Dalam bab ini kita telah berusaha, dalam taraf tertentu, untuk menjabarkan kebesaran jiwa manusia. Ia yang mengabaikan jiwa dan membiarkan kapasitasnya terbengkalai adalah seorang yang merugi di dunia ini dan dunia yang akan datang. Kebesaran sejati seorang manusia terletak pada kapasitasnya untuk mencapai kemajuan rohani, atau jika tidak tercapai maka ia akan menjadi makhluk paling lemah, yang mudah dipermainkan rasa lapar, dahaga, panas, dingin, dan kesedihan. Hal-​hal yang paling ia sukai sering merupakan hal-​hal yang paling merugikan baginya, dan hal-​hal yang paling bermanfaat adalah justru yang tidak ia dapatkan kecuali melalui kerja keras dan susah payah. Tentang kemampuan pikirannya, sedikit kekacauan dalam saraf otaknya sudah cukup untuk membikinnya hancur atau gila, tentang kekuatannya, satu sengatan lebah sudah cukup untuk merampas kenyamanan tidurnya, tentang suasana hatinya, ia akan kacau hanya karena kehilangan sedikit uang, tentang keelokan wajahnya, itu hanyalah selapis tipis kulit. Tanpa sering-​sering mandi dan membasuh anggota tubuh, ia akan berbau busuk dan memalukan.
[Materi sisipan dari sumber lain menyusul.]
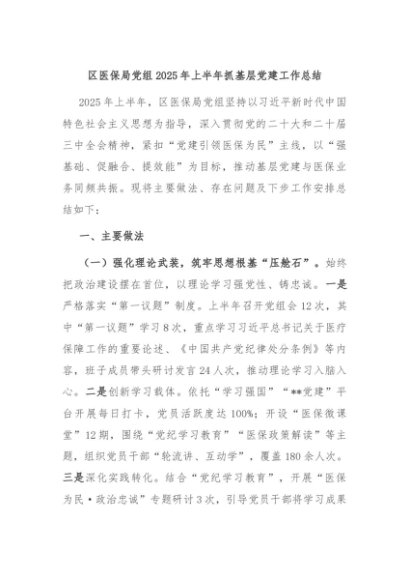 / 【七哥公文】2025年:区医保局党组2025年上半年抓基层党建工作总结+更多免费公文+VX:QiGeGongWen2024

Sebenarnya, manusia di dunia ini amat sangat lemah dan memuakkan. Hanya di alam berikutnyalah ia akan mendapatkan nilai, jika dengan cara ‘alkimia kebahagiaan’ ini ia bangkit dari taraf binatang menjadi malaikat. Jika sebaliknya, kondisinya akan makin memburuk, lebih buruk daripada binatang, yang akan lenyap begitu saja menjadi debu. Adalah penting baginya di saat yang sama untuk bersikap sadar akan keunggulannya sebagai makhluk paling sempurna, juga untuk mengetahui ketidakberdayaannya, karena itu pun salah satu kunci pengetahuan tentang Tuhan.